I fall in love with poems all the time. Even before I wrote poems, I came across them and cut them out of magazines or photocopied them for 5 cents a page at the local library. And I fall in love not often because of the whole poem, and almost never after due consideration of the “deeper meaning.” I fall in love with specific lines, metaphors, even titles.
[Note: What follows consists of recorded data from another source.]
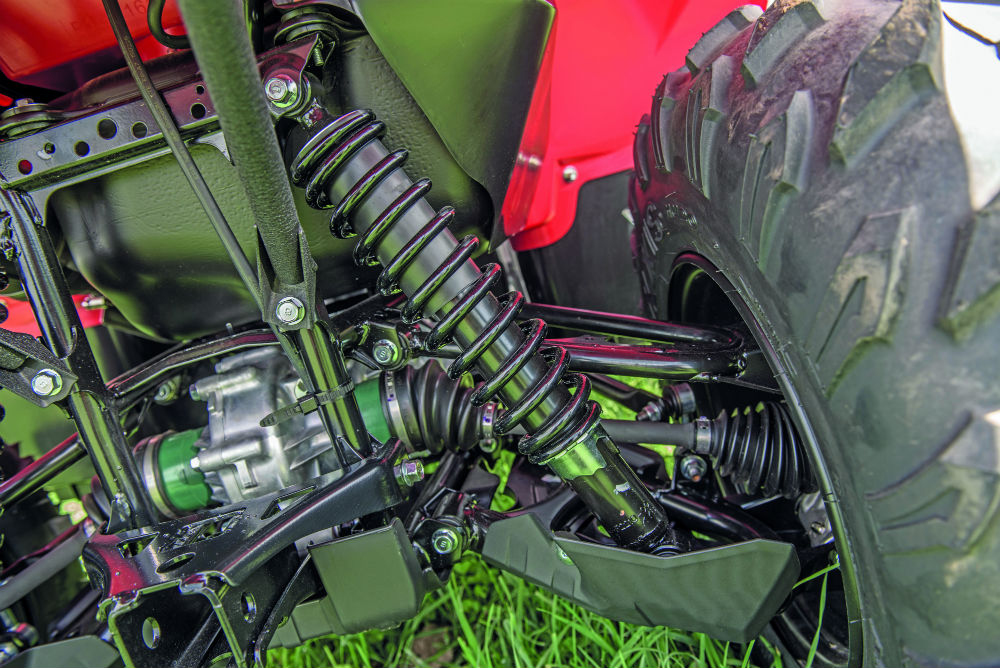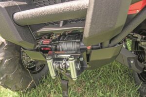 Apesar do acionamento da transmissão poder parecer ser demasiado antiquado, a Yamaha mantêm a aposta na alavanca para que o condutor possa selecionar o modo de tração traseira ou tracção total. Este modo de acionamento mecânico permite escolher a opção mais adequada sem perder muito tempo, podendo sem encontrado na versão SE um sistema On-Command com bloqueio de diferencial que permitirá ao Kodiak ultrapassar obstáculos ainda mais exigentes sem grande dificuldade. A isto juntamos a transmissão Ultramatic desenvolvida pela Yamaha para muitos dos seus modelos. Uma transmissão automática que é reconhecida como um dos melhores sistemas CVT no mercado por força da utilização de uma correia em V que garante um funcionamento suave não deixando mesmo que surjam os sempre incómodos abanões e solavancos mesmos nas descidas mais inclinadas onde somos obrigados a recorrer à utilização dos travões.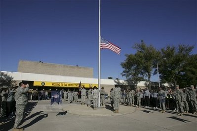 奧巴馬并下令即日起到11日退伍軍人節(jié)為止,白宮和其它聯(lián)邦機構(gòu)降半旗向受難者致哀。他說,這是對那些正準備為國家冒生命危險卻喪命的人的最起碼敬意。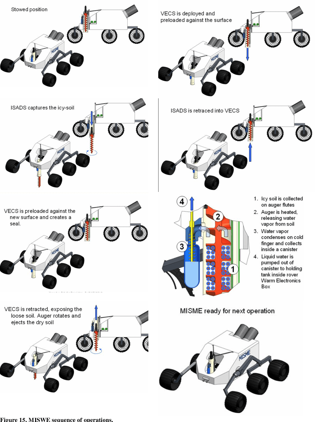 - Він здатний видобувати воду на різних глибинах і в різних місцях у різних формах, включаючи зцементований льодом реголіт, поверхневий іній і гідратовані мінерали. Він також може зробити висновок про наявність води на місці буріння, наприклад, відстежуючи реакцію нагріву реголіту, яка демонструє явне придушення підвищення температури під час сублімації. Це дозволяє системі ідентифікувати та збирати найбагатші поклади H2O.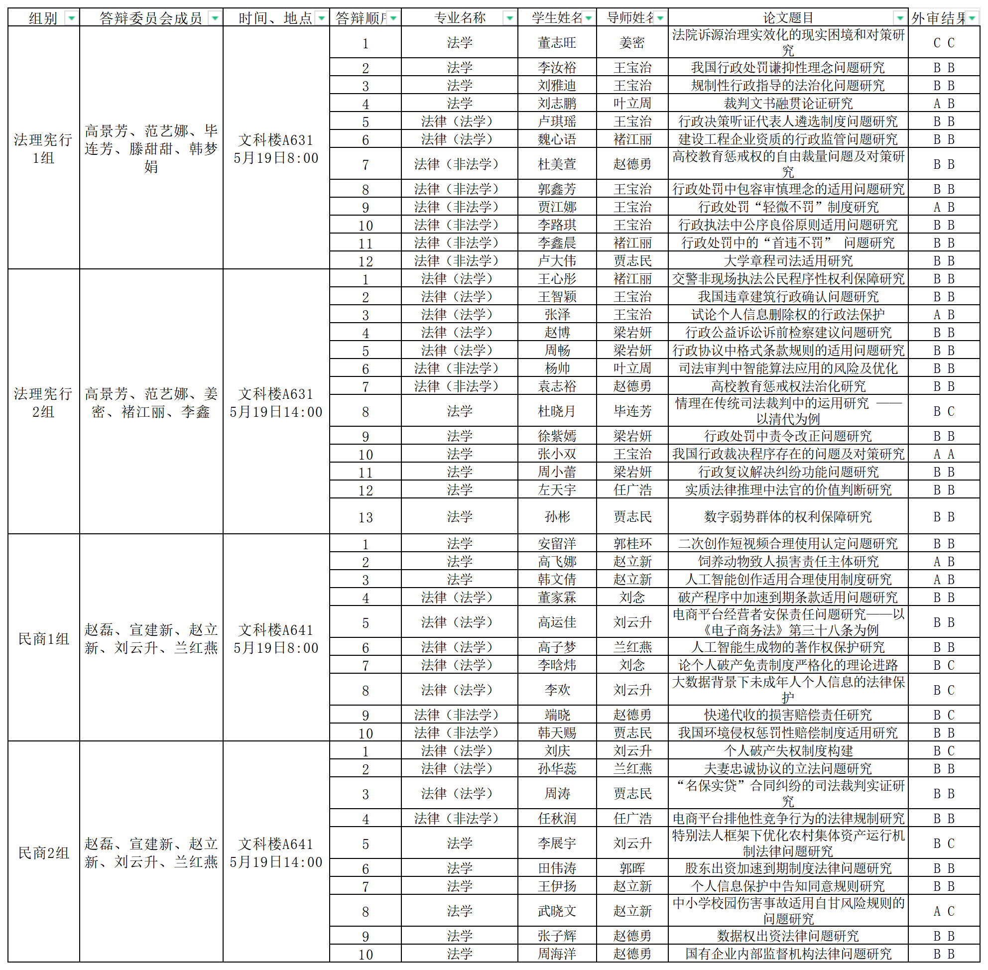 234钱包 2024年法学专业硕士学位论文答辩安排(法理、宪行、民商方向)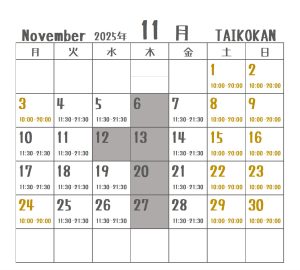 2日(木)、9日(木)、16日(木)、22日(水)、23日(木)、30日(木)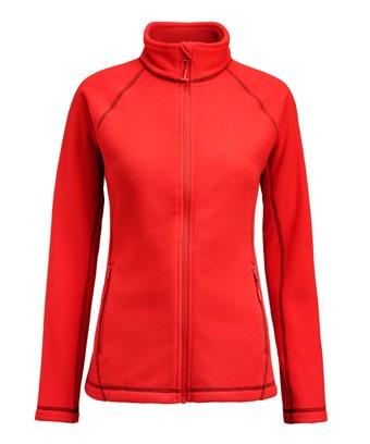Fleecejacka med dekorativa flatlocksömmar och tumgrepp. “Våffelstickad” för bästa isoleringsförmåga och fukttransport.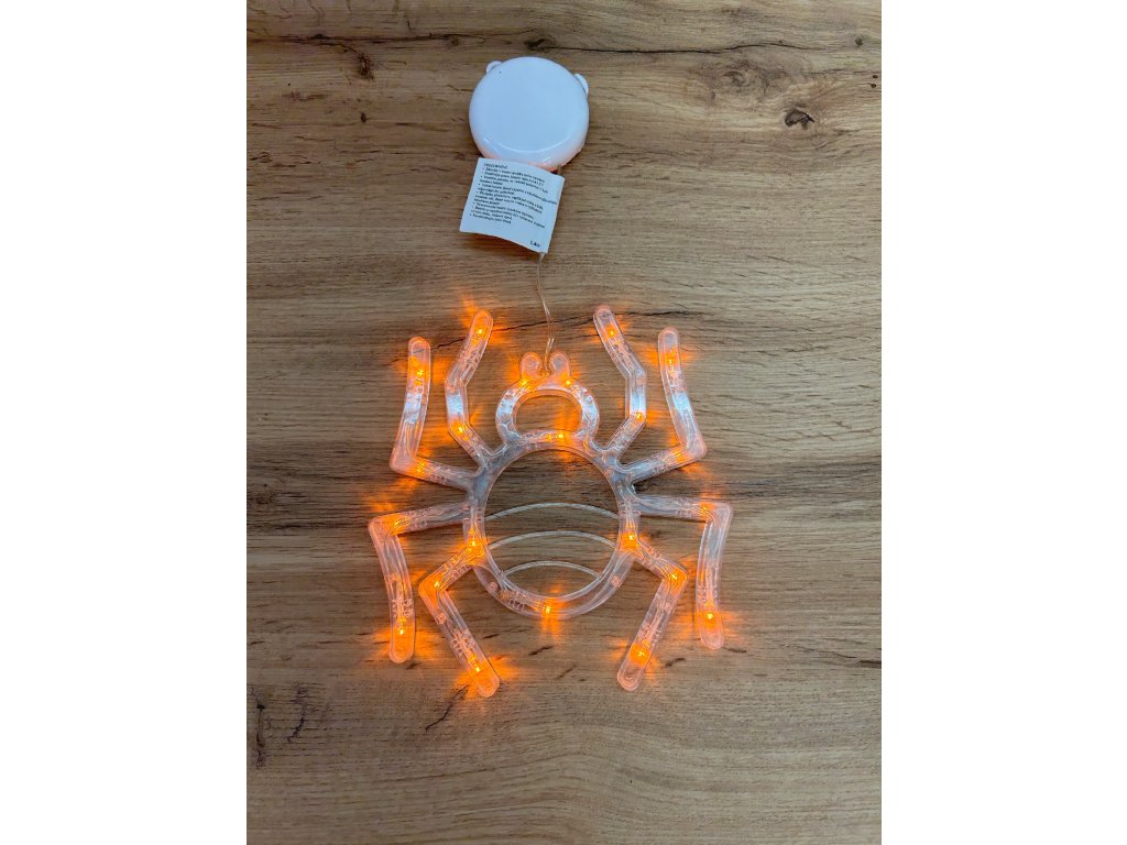 Svítící LED závěsná dekorace do okna - Pavouk (oranžová)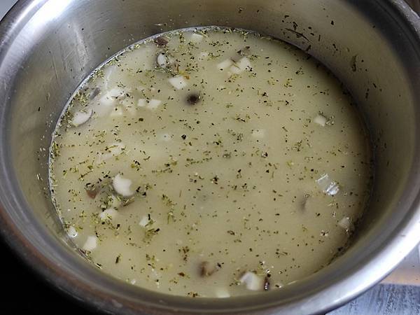 2.鍋中放奶油融化後→加材料們,炒到香氣出來→加調味料們和水→拌勻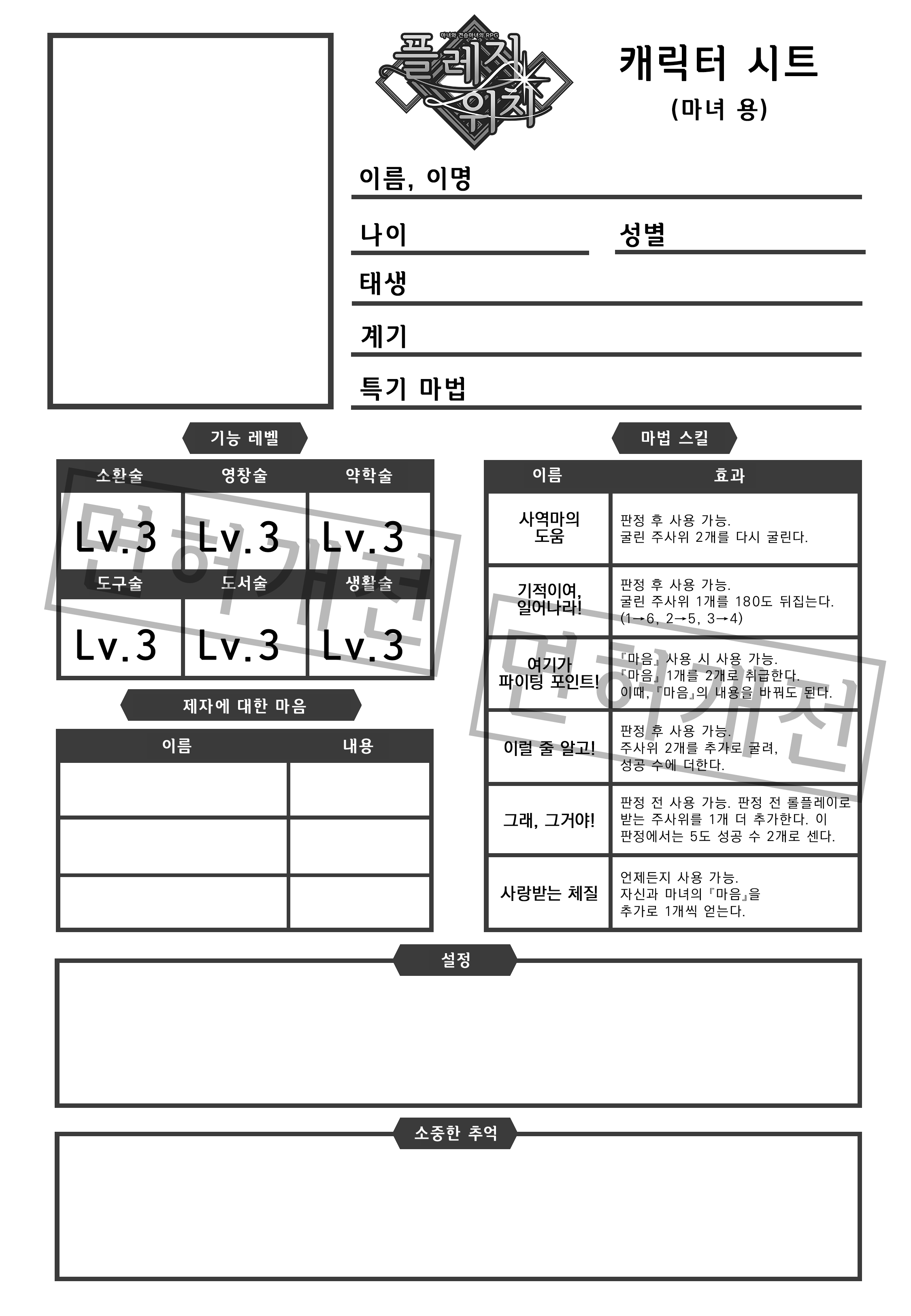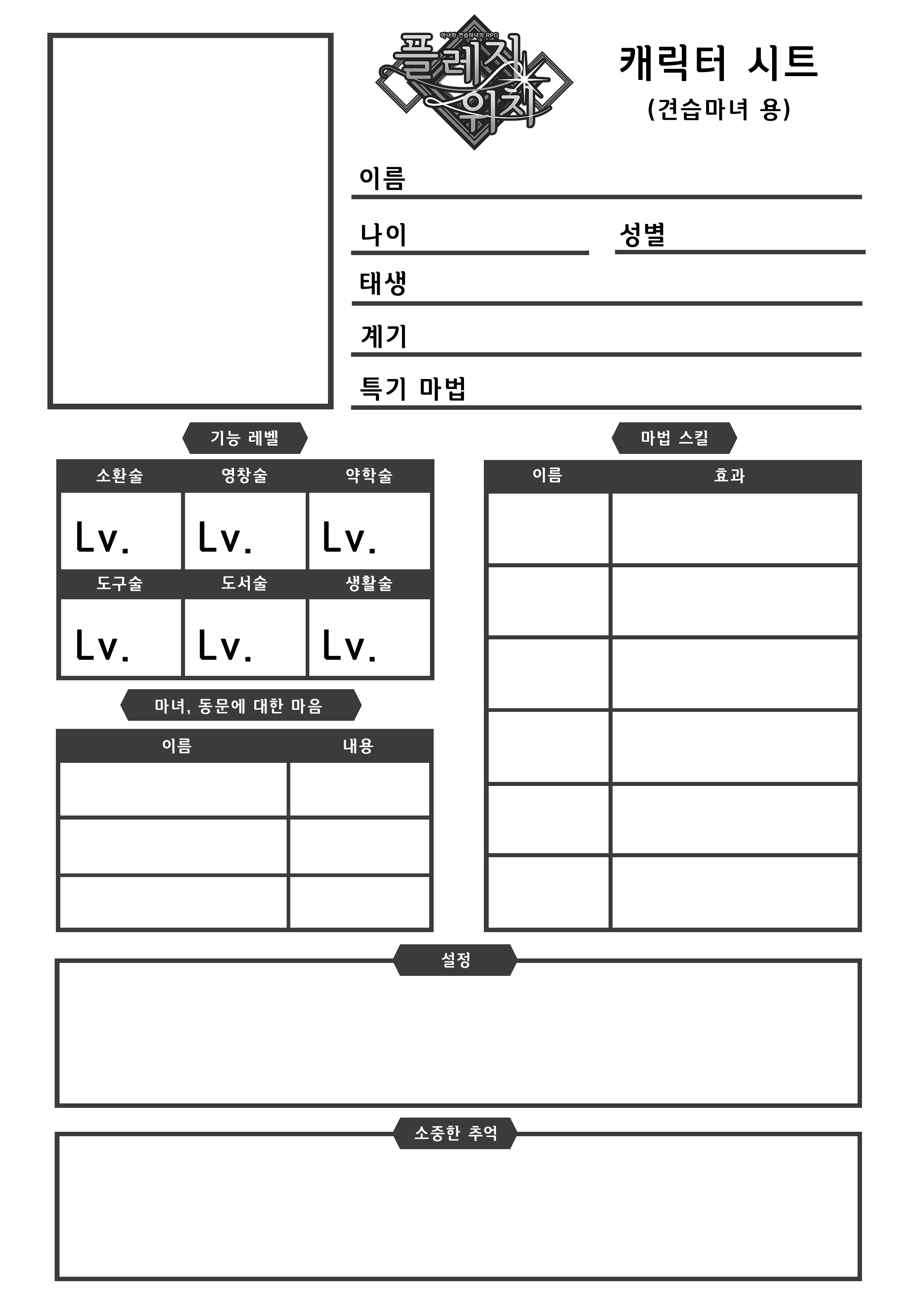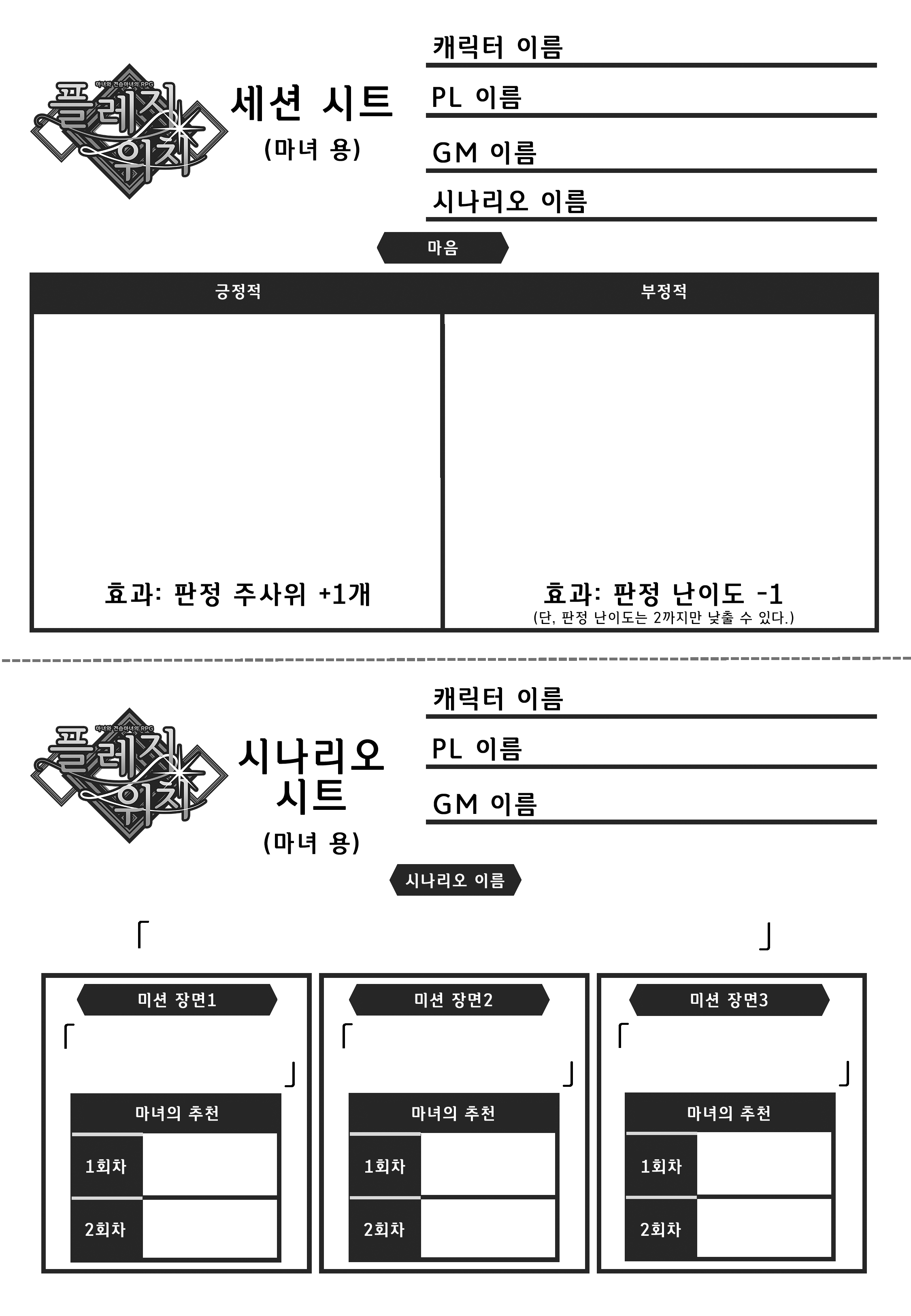 플레지위치를 플레이하실 때 인쇄하여 사용하실 수 있는 캐릭터 시트와 세션 시트입니다.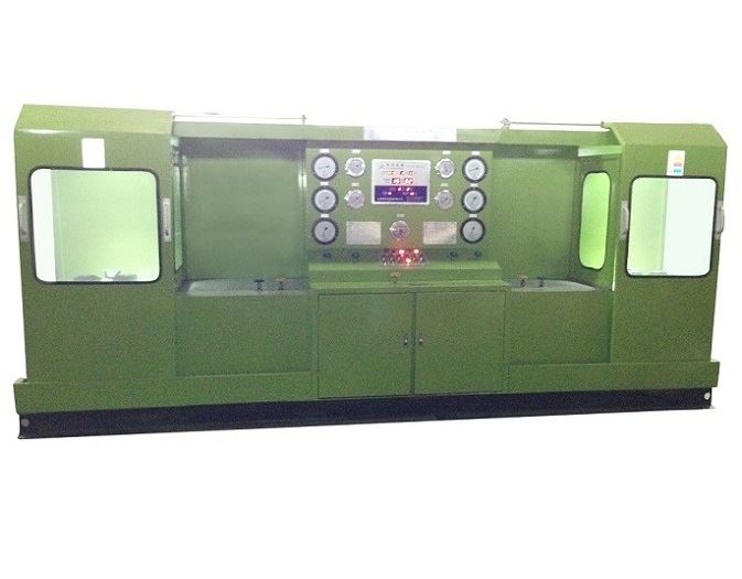 本機(jī)由液壓系統(tǒng)、機(jī)械部件,電器控制及多極氣源升壓裝置系統(tǒng)等部件組成。液壓系統(tǒng)是本試驗(yàn)臺(tái)的動(dòng)力主源。用于各類液壓缸和機(jī)械件驅(qū)動(dòng)執(zhí)行功能。試驗(yàn)面夾爪由液壓缸直接驅(qū)動(dòng)執(zhí)行,軸向夾緊壓力是按閥門試驗(yàn)壓力等級(jí)不同進(jìn)行調(diào)節(jié)增壓(最高液壓增壓壓力31 5MPa)。各夾爪受力均,夾緊可靠。徑向移動(dòng)由液壓缸傳動(dòng)執(zhí)行,各夾爪進(jìn)退同步,靈活自如,確保通徑大小不同閥門的測(cè)試。多極氣源升壓裝置是利用液氣聯(lián)動(dòng)增壓。增壓范圍0.6—32 0MPa,用于閥門介質(zhì)壓力試驗(yàn)。氣源升壓工作設(shè)有自動(dòng)和手控二種操作選擇,當(dāng)選用自動(dòng)升壓工作時(shí),工作人員可以近距離離開操縱臺(tái)觀察現(xiàn)場(chǎng)試驗(yàn)情況。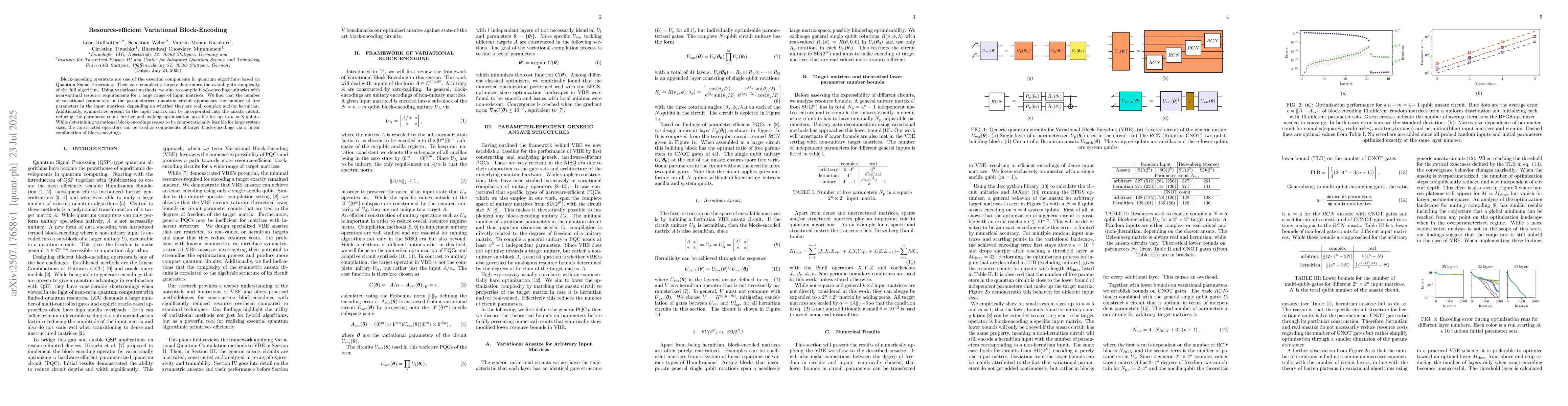 Block-encoding operators are one of the essential components in quantum algorithms based on Quantum Signal Processing. Their gate complexity largely determines the overall gate complexity of the full algorithm. Using variational methods, we aim to compile block-encoding unitaries with near-optimal resource requirements for a large range of input matrices. We find that the number of variational parameters in the parameterized quantum circuit approaches the number of free parameters in the input matrices, depending on whether they are real, complex and/or hermitian. Additionally, symmetries present in the input matrix can be incorporated into the ansatz circuit, reducing the parameter count further and making optimization possible for up to n=8 qubits. While determining variational block-encodings ceases to be computationally feasible for large system sizes, the constructed operators can be used as components of larger block-encodings via a linear combination of block-encodings.

For example: “The Human Race: My Yelp Review” is a title I just couldn’t pass up. I immediately thought of how my own Yelp review of the human race would sound, what I’d say. I expected humor and anger, sadness and transcendence, and I got them all. “I really wanted to like this species, but other kids left a lot to be desired”–true, and hilarious. “Middle school IF I COULD GIVE IT ZERO STARS I WOULD”–absolutely! “And no one warned me that guys snap/their fingers at waitresses, drivers tailgate, fools talk in the train’s quiet car”–yeah. Why didn’t anyone warn us before we came here? “But when I hear my mix tape, meet the librarian who made a Reading Trail/through the park posted with pages of funny kid books…decorate the community club for an eightieth birthday”–(and more, so much more!)–“Would come back. Would hurry back. Totally coming back.” Poet:

And then there was “Snowshoe Hare,” which I thought I’d skim because while there are white hares in the Scottish Highlands, north of where I live now, I didn’t think they were snowshoe hare, but the first line was “I was reckless as a child.” Ooh, I thought, so was I! The speaker walked, collected feathers, “wanted to be seen.” Her mother told her that she was vulnerable, so eventually she came to “understand/the way of night./What it is to hide. To run.” But, as so many of us resist the idea that it’s our job to prevent violence perpetrated against us, so does this poet. “I make the Gods/attend.”
I have an email folder just called “Poems,” where I collect poems that were emailed to me (because I subscribe to a bunch of free poetry magazines and newsletters) and that I fell in love with. A line here, a title there, a topic, a tone, an ending that leaves me blown open. Get out there. Look around. Fall in love. Poetry really is for us all.